Despite all of this, the saw is pretty good and may still have been a good choice for my 1/2 garage woodshop.

I had a delta 14" previously - you cannot even compare them. It's really night and day. Resawing was easy - I used a 1/2" woodslicer. You'll need to build a resaw fence. I love the european guides! Overall, a very good saw, but over priced. If you have space - look at the MM16.

I ended up with the Grizzly GO514X2. For the money, pretty good saw. I like many of the features. I do not like the guides. The resaw fence, in theory, is a great idea, but mine was not flat. They sent me another one without objections. Again, service is excellent at Grizzly - but I have had to call more than once.

If I had it to do again - I would spend the money to get the best.

i am happy to speak with you about this further, if you like.

Chris


----------



## Amir1234 (Feb 23, 2009)

Chris,

Thanks much for your reply, and how timely it was that I read it today. I was almost ready to order!!

I have also been researching those same brands, plus Agazzani. I was down to GO514×2, MM E16 and the Laguna 3000 series. I went to Grizzly show room in PA. The saw looked good, but a little sloppy and a bit bumpy, no nickle test needed. They said it was because of the mobile base! Agazzani is a mystery, there isn't enough information on it. I called one of the resources they had listed, while they did not give a bad review, they didn't sound that enthusiastic either.

I looked at the Hammer brand, and it did look a bit on the light side. I suspect the E16 is the same.

So, the question is, if you didn't have the extra cash (like me) to go for the best, would you still buy any of these? Or would you try to live with your 14" Delta.

How do you like your saw?
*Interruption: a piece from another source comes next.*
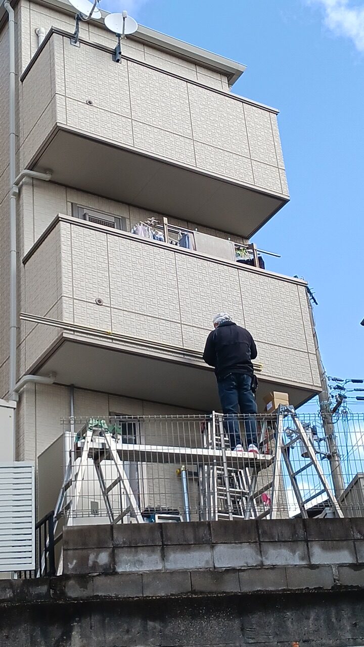 施行中② 裏側下道路からの撮影です。斜めになっている事が良くわかると思います。

Is the drift adjustment easy with the change of blade?................

Thanks Much

Amir


----------



## dandydon (Feb 22, 2010)

Amir and Chris,

Though these posting are rather old, I am in the market for a new band saw and wanted to know which saws you both finally purchased, why, and are you satisfied with your purchases? I'm hoping enough time has elapsed since this last posted message for both of you to have made your purchases and know if you feel you made the right decisions. Needless to say, like you, it's been overwhelming trying to decide which saw to purchase.

Thanks,

Don


----------



## woodworm (Jul 27, 2008)

Qouted *"The bottom line is this, at $1,700 with shipping, which is what I think I paid, I thought I had over paid and was frustrated that I did not get exactly what I thought i was getting."*

I think you made the right decision to return it (with full refund?). I would do the same if I were in your shoe.
Since I'm still searching and researching to buying a real decent BS for that amount of money, I'm interested to know what BS you purchased.
Thanks for sharing valuable info.


----------



## chrisc (Apr 22, 2008)

Hi Don and Marsol,

As I said above, I bought the Grizzly GO514X2. To get this saw up to the standards that I expected, it took a while and a lot of calls to grizzly. Ultimately, I needed new guides - and I really do not like their design - a new re-saw fence, and had to shim the table on one side to avoid bumping into the blade slot. Service at Grizzly is great and many of the people with whom I spoke were woodworkers and could understand my problems and frustrations - that helps.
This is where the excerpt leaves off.